В ожидании поезда нас разместили в здании вокзала. Вокзал был забит до отказа. Ночевали на скамейках и на баулах с вещами. На нас оформили эвакуационные документы, но нашу бабушку-няньку вместе с нами не определили, как мама ни просила.

Наутро из вокзальной толчеи перебрались в привокзальный скверик. Женщины поминутно уходили справляться насчет поезда. Мишка, мой друг и ровесник, иногда, обманув бдительность своей матери, выбегал на дорогу смотреть на проходящие войска, пушки и танки. Меня мать вместе с ним ни за что не отпускала, как я ни порывался убежать вместе с Мишкой. Она была непреклонна, когда я попытался у нее отпроситься, и не теряла бдительность, не отпускала меня ни на шаг, пресекала малейшие попытки улизнуть. По ее тону и поведению я понял, что все мои потуги на сей счет напрасны, и смирился, чувствуя свою вину за опоздание во время бомбежки колонны.

У каждого своя судьба, и она, к сожалению, никак не зависит от действий других людей. С Мишкой судьба обошлась чересчур сурово. Мишка в Барановичах потерялся. В очередной раз он убежал на дорогу, смотреть на пушки, пообещав: "Я тебе все расскажу". Я смотрел на дорогу издали, но за толпой ничего не было видно. В это время над нами пролетели три самолета с красными звездами. Все, как обычно, закричали, замахали. Самолеты на окраине развернулись и строем, средний - чуть впереди, боковые - сзади, полетели обратно. Кто-то опять замахал, закричал. Самолеты опустились почти к самым домам, подлетели и ударили по толпе, по вокзалу и дороге из пулеметов. Сначала никто ничего не понял. Мать быстро закрыла нас собой. Потом все закричали. Когда они улетели, люди долго махали вслед кулаками, проклинали и ругались. Это были не наши, а немецкие самолеты. Потом появились санитары, подъехали грузовики. Мама не разрешила мне смотреть туда, где лежали на земле люди и около них возились санитары.

Мишкина мама очень переживала за Мишку, жалела, что оставила его в Барановичах. Я тоже очень жалел его. И все жалели. Чем дальше от Барановичей нас увозили, тем горестней и безнадежней были ее и моя жалость.

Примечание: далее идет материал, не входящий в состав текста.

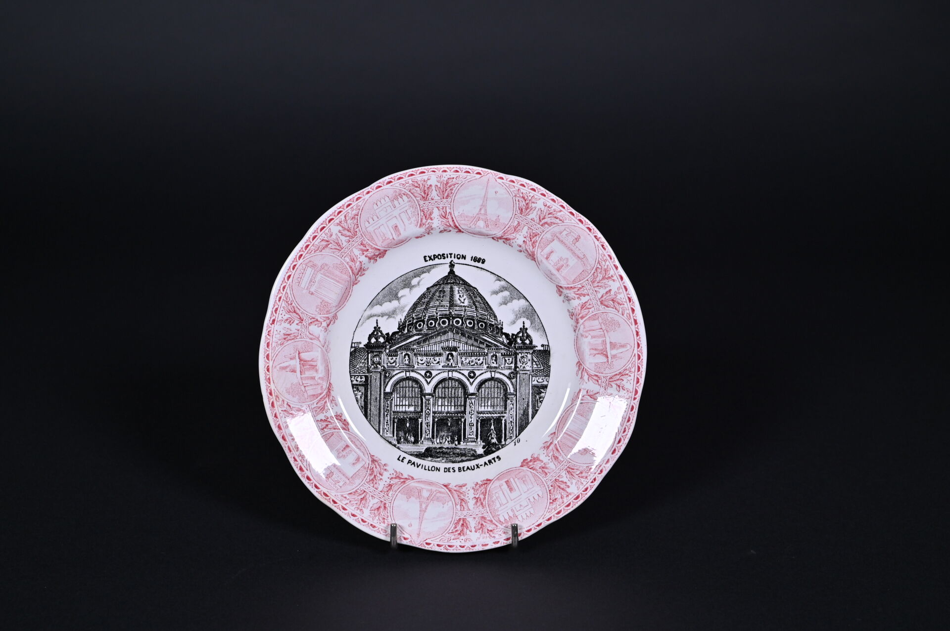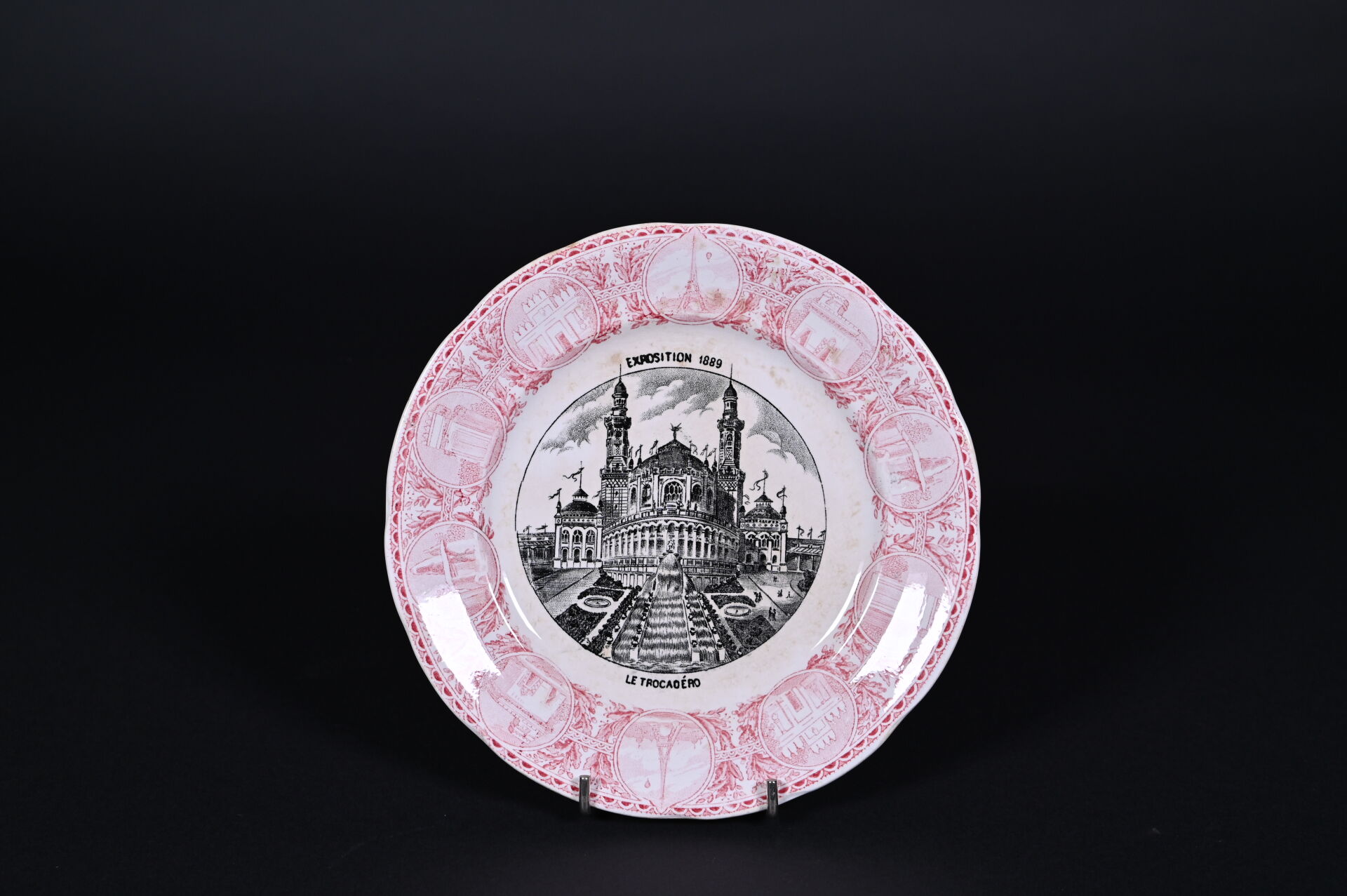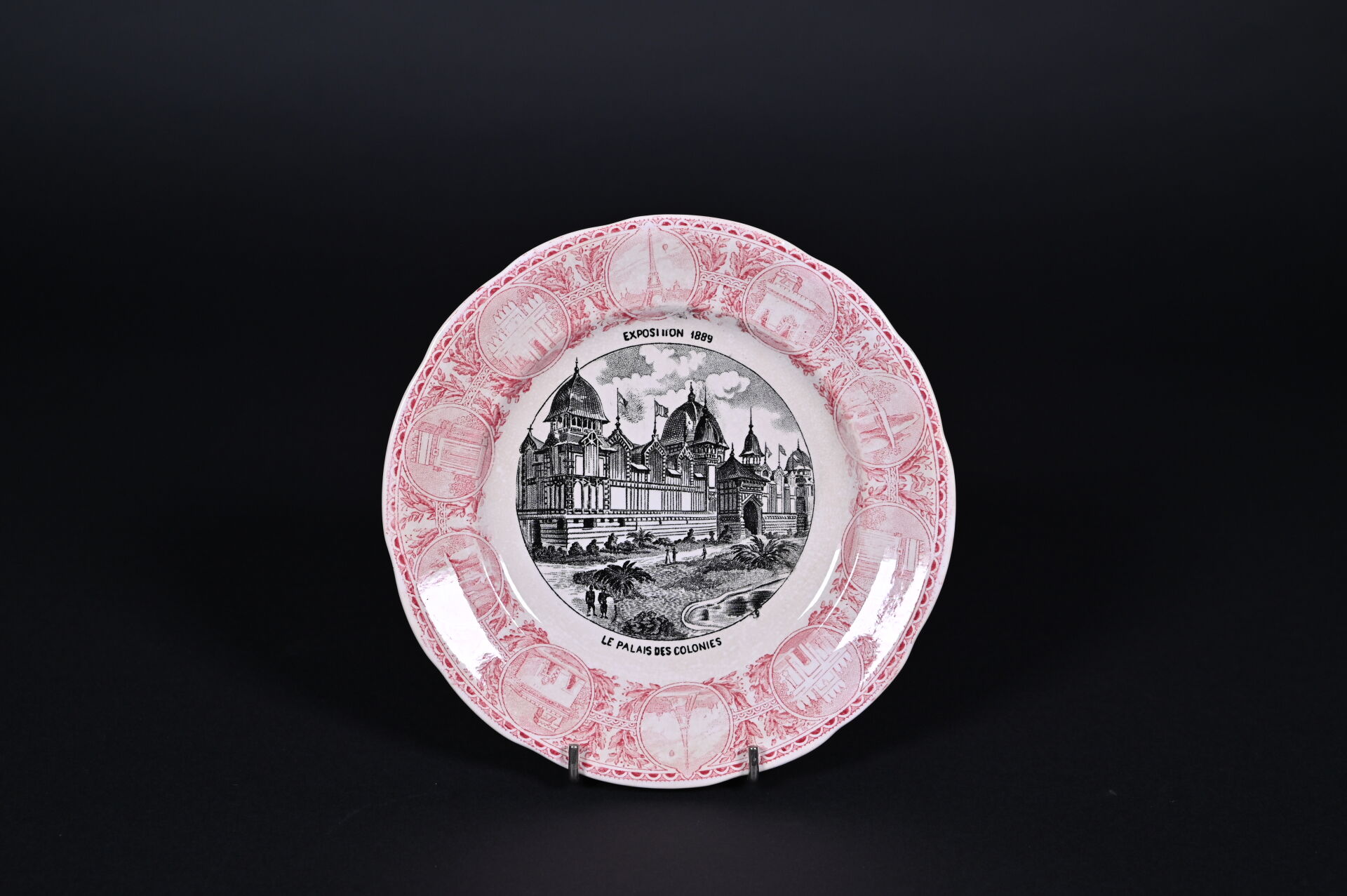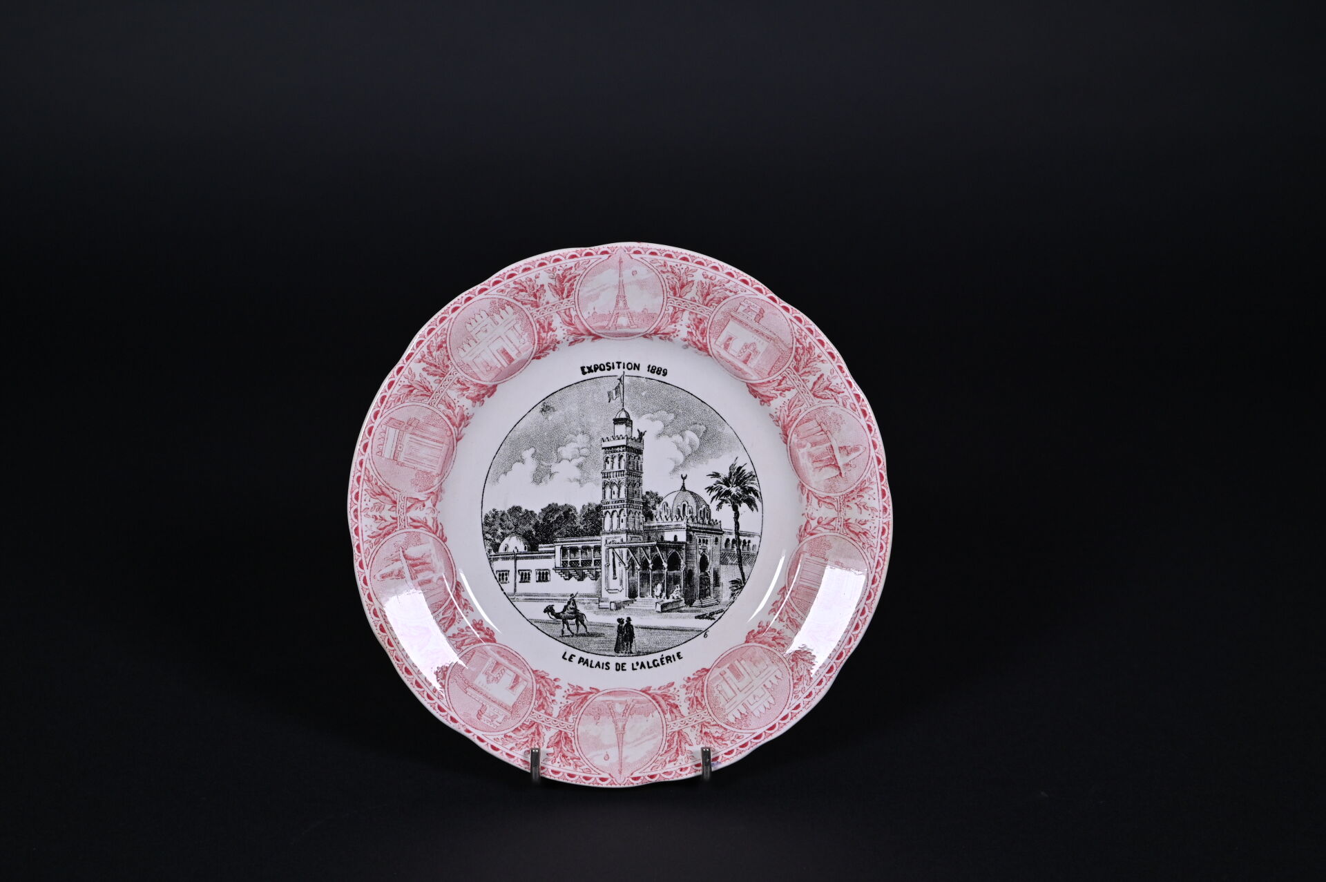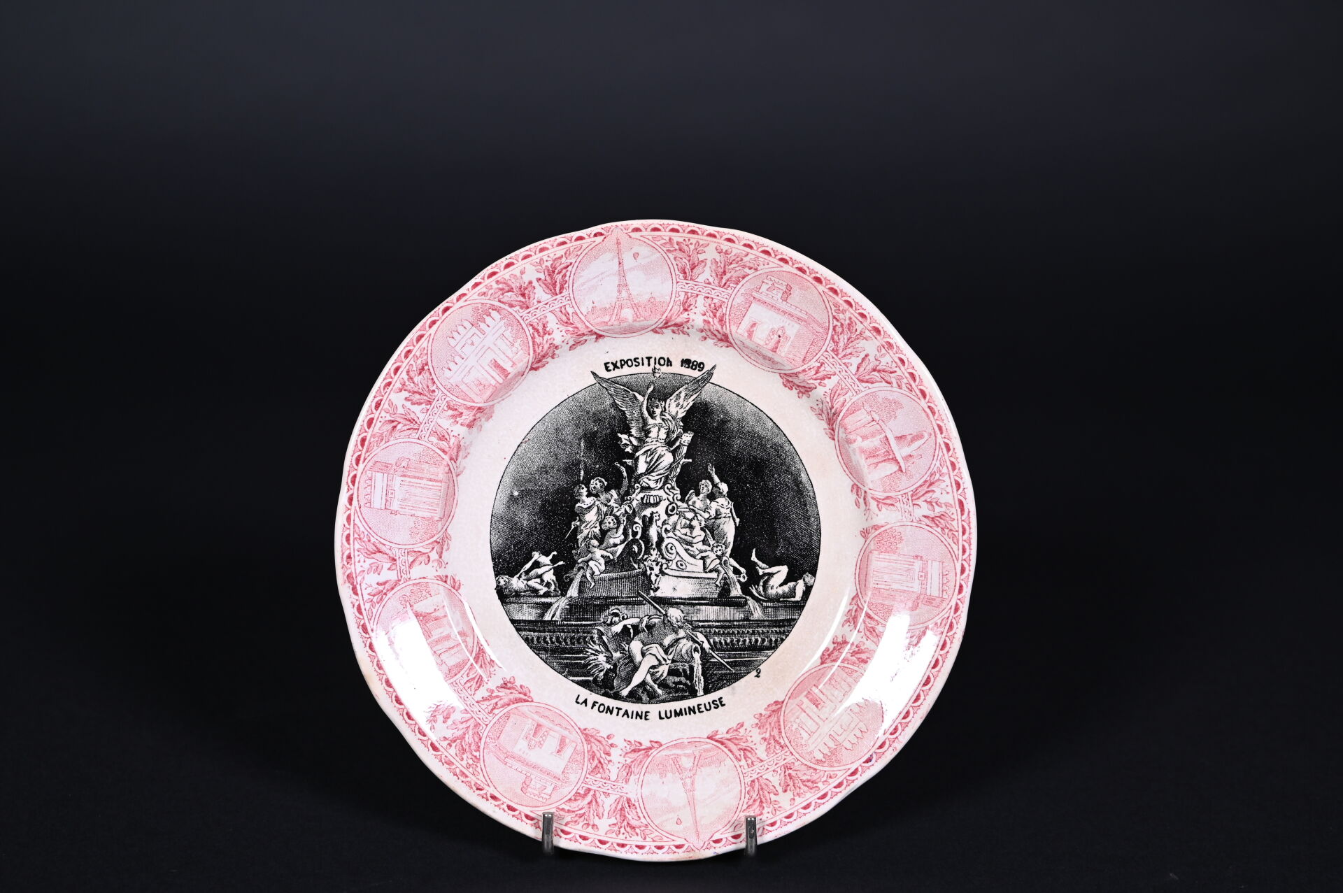 DIGOIN, SARREGUEMINES. Exposition Universelle de 1889. Suite de 9 assiettes parlantes en faïence à décor imprimé dans le bassin des Pavillons remarquables de l’exposition universelle de Paris (1889). (usures et salissures, une avec éclat). Marquées. Diam. : 19,5 cm.

- Она очень переживала, - рассказывала после мама, - все ее жалели, но как-то не осуждали. Ни у кого язык не поворачивался упрекать и обвинять ее, принимали как несчастье, которое с ней случилось. Для себя я решила, что ни за что не брошу детей, и муж мне говорил: бросай все, но детей спасай. И когда на каком-то вокзале, где мы долго стояли, Нинка от меня потерялась перед самым отправлением, я взяла своих детей и вышла из вагона. Думаю, погибать - так будем вместе, а так мучиться, как мучится Тонька, я не буду. Все меня останавливали, а я даже одежды не взяла, только документы и сумку. Мечусь около вагона туда-сюда. Тут кто-то в толпе закричал: "Чей ребенок, кто ребенка потерял?" Я еще не вижу, кричу: "Мой, мой!" Побежала, и правда моя дочь.

Человек быстро ко всему привыкает. Через день-другой все в вагоне друг с другом познакомились. Разговоры в основном крутились около войны, но, по-моему, никто ее еще всерьез пока, кажется, не принимал. Мама выменяла пол-литровую банку сливочного масла на булку хлеба у татарина в нашем вагоне. Ее все дружно упрекали, - это же грабеж средь бела дня. На другой день он приходит и предлагает снова поменять булку хлеба на банку масла. На сей раз ему в этом было решительно отказано.

- Вот хитрый татарин, понравилось, - добродушно посмеивалась над ним вагонная публика.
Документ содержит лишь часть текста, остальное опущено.